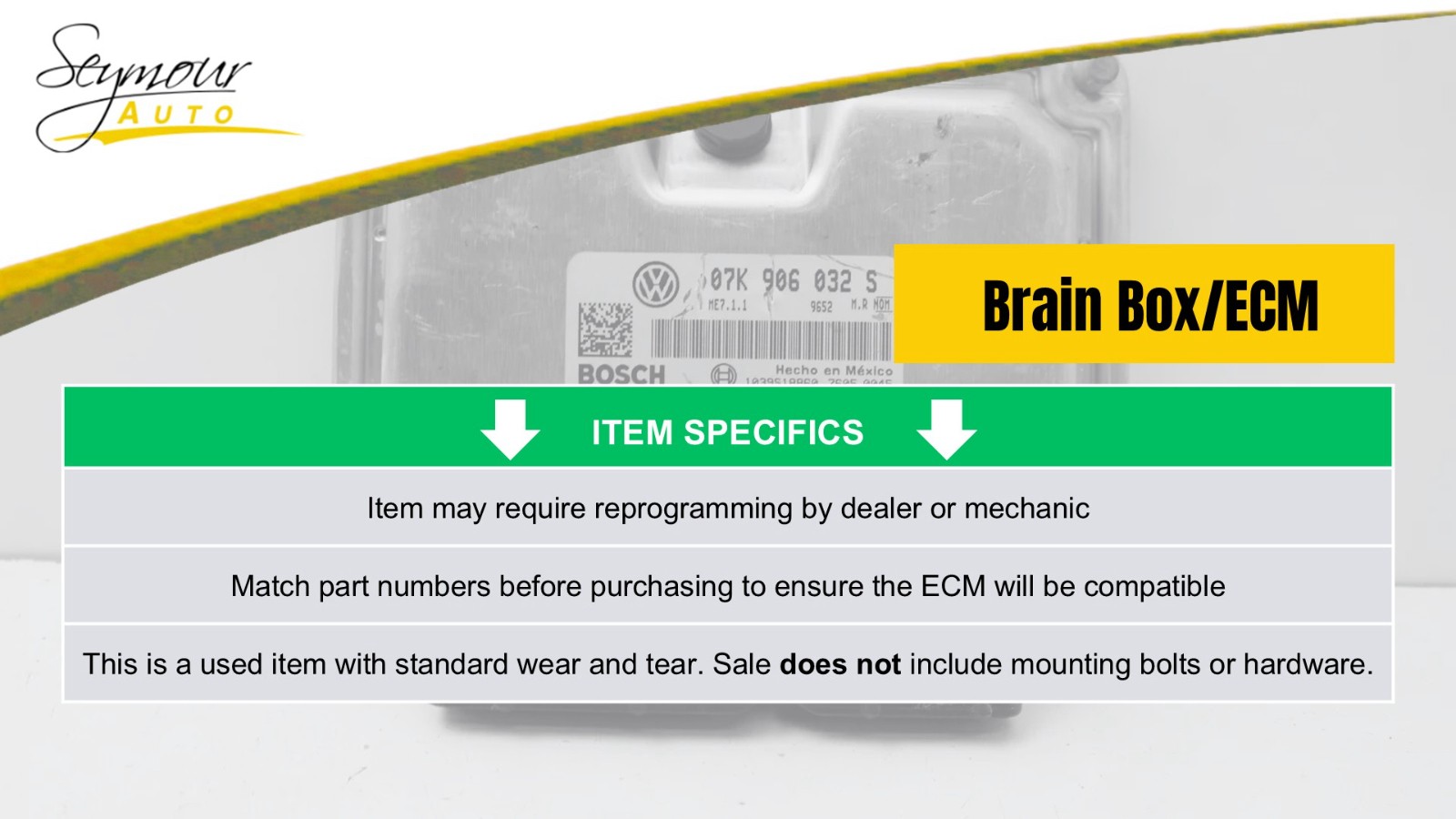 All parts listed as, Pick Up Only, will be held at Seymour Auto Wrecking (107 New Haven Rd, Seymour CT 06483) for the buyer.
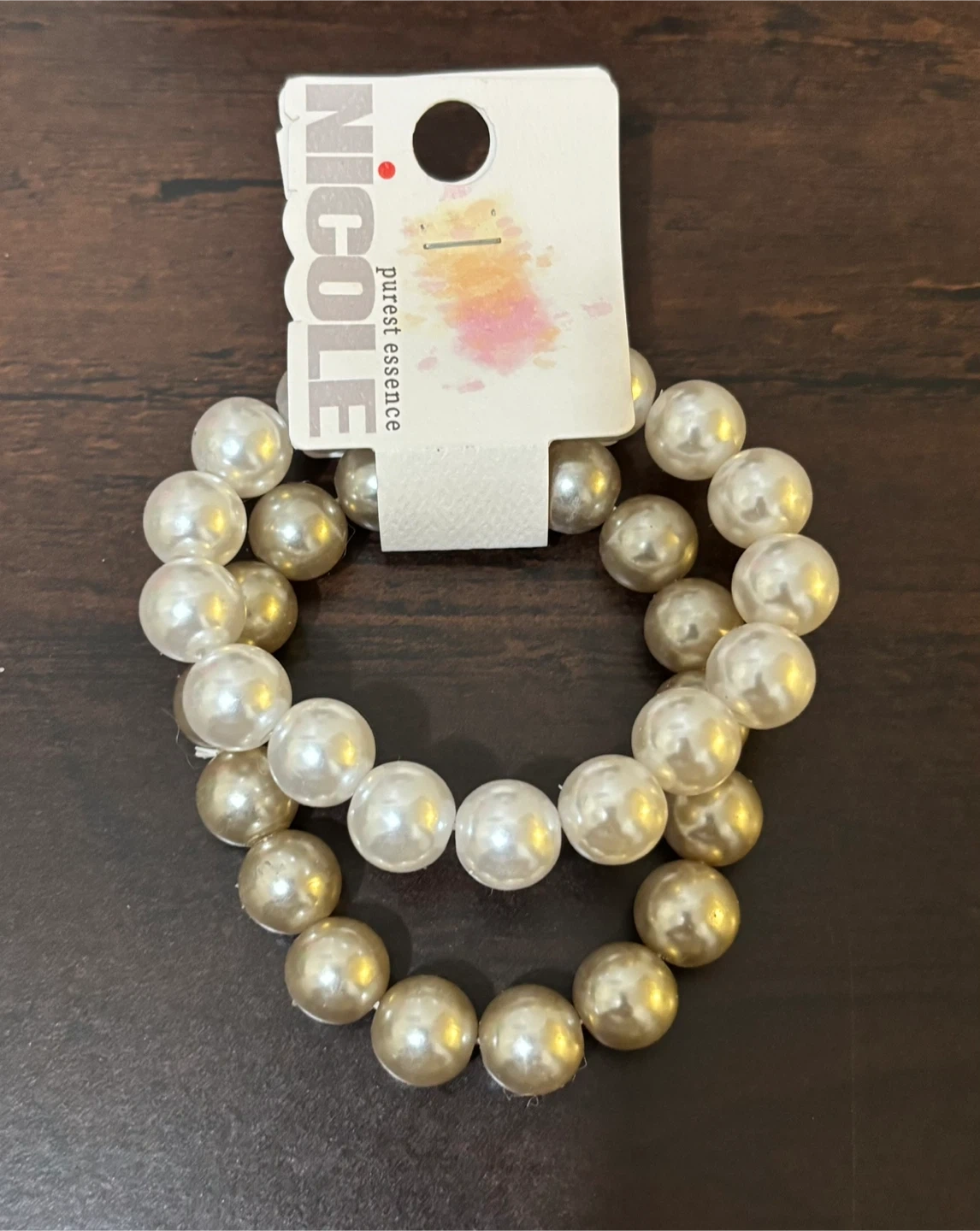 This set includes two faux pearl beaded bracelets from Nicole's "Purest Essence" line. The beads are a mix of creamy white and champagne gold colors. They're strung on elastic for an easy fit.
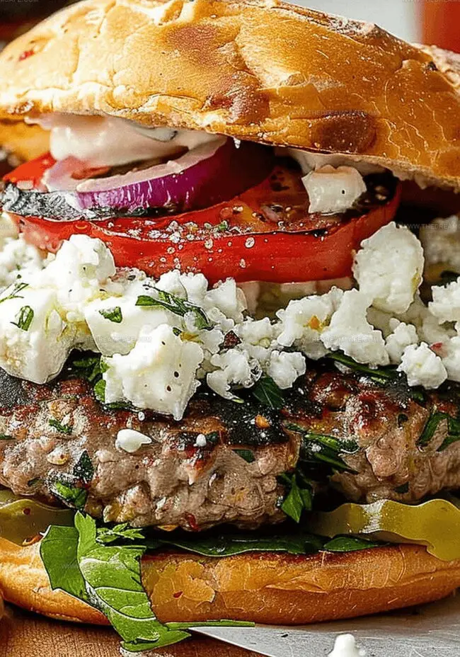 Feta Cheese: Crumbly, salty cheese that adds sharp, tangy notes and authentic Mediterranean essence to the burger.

▶ ACTIVITY
Retype the lines starting with the one that holds "This set includes" and ending with the last line of the data above, both included; skip the pictures.

▶ ANSWER TO THE EXERCISE
 This set includes two faux pearl beaded bracelets from Nicole's "Purest Essence" line. The beads are a mix of creamy white and champagne gold colors. They're strung on elastic for an easy fit.
 Feta Cheese: Crumbly, salty cheese that adds sharp, tangy notes and authentic Mediterranean essence to the burger.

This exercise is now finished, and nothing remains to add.